## The problem
Write down each of the records again, exactly and in full.

(Stored data entries)

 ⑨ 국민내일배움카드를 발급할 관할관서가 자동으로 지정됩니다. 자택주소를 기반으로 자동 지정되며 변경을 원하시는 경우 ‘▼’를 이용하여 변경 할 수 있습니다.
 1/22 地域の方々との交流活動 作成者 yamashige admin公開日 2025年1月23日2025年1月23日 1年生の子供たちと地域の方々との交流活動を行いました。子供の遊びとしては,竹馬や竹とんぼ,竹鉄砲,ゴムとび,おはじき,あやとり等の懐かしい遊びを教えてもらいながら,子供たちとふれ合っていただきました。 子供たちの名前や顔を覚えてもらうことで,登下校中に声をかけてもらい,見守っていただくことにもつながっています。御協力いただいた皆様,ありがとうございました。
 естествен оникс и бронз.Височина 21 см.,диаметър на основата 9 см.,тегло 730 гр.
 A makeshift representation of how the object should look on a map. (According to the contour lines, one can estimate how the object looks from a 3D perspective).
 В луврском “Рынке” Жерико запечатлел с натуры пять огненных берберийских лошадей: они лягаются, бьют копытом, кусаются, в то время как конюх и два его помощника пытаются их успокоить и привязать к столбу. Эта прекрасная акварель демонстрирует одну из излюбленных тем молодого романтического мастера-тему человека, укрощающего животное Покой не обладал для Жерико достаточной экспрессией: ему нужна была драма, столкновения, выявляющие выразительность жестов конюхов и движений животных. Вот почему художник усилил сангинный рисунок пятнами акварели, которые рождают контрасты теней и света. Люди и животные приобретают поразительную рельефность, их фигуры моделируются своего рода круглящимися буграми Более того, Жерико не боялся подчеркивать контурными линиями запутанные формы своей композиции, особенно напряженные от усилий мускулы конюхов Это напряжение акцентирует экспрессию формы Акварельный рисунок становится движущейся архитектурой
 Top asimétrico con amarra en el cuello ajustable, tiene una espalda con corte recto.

## Expected answer
 ⑨ 국민내일배움카드를 발급할 관할관서가 자동으로 지정됩니다. 자택주소를 기반으로 자동 지정되며 변경을 원하시는 경우 ‘▼’를 이용하여 변경 할 수 있습니다.
 1/22 地域の方々との交流活動 作成者 yamashige admin公開日 2025年1月23日2025年1月23日 1年生の子供たちと地域の方々との交流活動を行いました。子供の遊びとしては,竹馬や竹とんぼ,竹鉄砲,ゴムとび,おはじき,あやとり等の懐かしい遊びを教えてもらいながら,子供たちとふれ合っていただきました。 子供たちの名前や顔を覚えてもらうことで,登下校中に声をかけてもらい,見守っていただくことにもつながっています。御協力いただいた皆様,ありがとうございました。
 естествен оникс и бронз.Височина 21 см.,диаметър на основата 9 см.,тегло 730 гр.
 A makeshift representation of how the object should look on a map. (According to the contour lines, one can estimate how the object looks from a 3D perspective).
 В луврском “Рынке” Жерико запечатлел с натуры пять огненных берберийских лошадей: они лягаются, бьют копытом, кусаются, в то время как конюх и два его помощника пытаются их успокоить и привязать к столбу. Эта прекрасная акварель демонстрирует одну из излюбленных тем молодого романтического мастера-тему человека, укрощающего животное Покой не обладал для Жерико достаточной экспрессией: ему нужна была драма, столкновения, выявляющие выразительность жестов конюхов и движений животных. Вот почему художник усилил сангинный рисунок пятнами акварели, которые рождают контрасты теней и света. Люди и животные приобретают поразительную рельефность, их фигуры моделируются своего рода круглящимися буграми Более того, Жерико не боялся подчеркивать контурными линиями запутанные формы своей композиции, особенно напряженные от усилий мускулы конюхов Это напряжение акцентирует экспрессию формы Акварельный рисунок становится движущейся архитектурой
 Top asimétrico con amarra en el cuello ajustable, tiene una espalda con corte recto.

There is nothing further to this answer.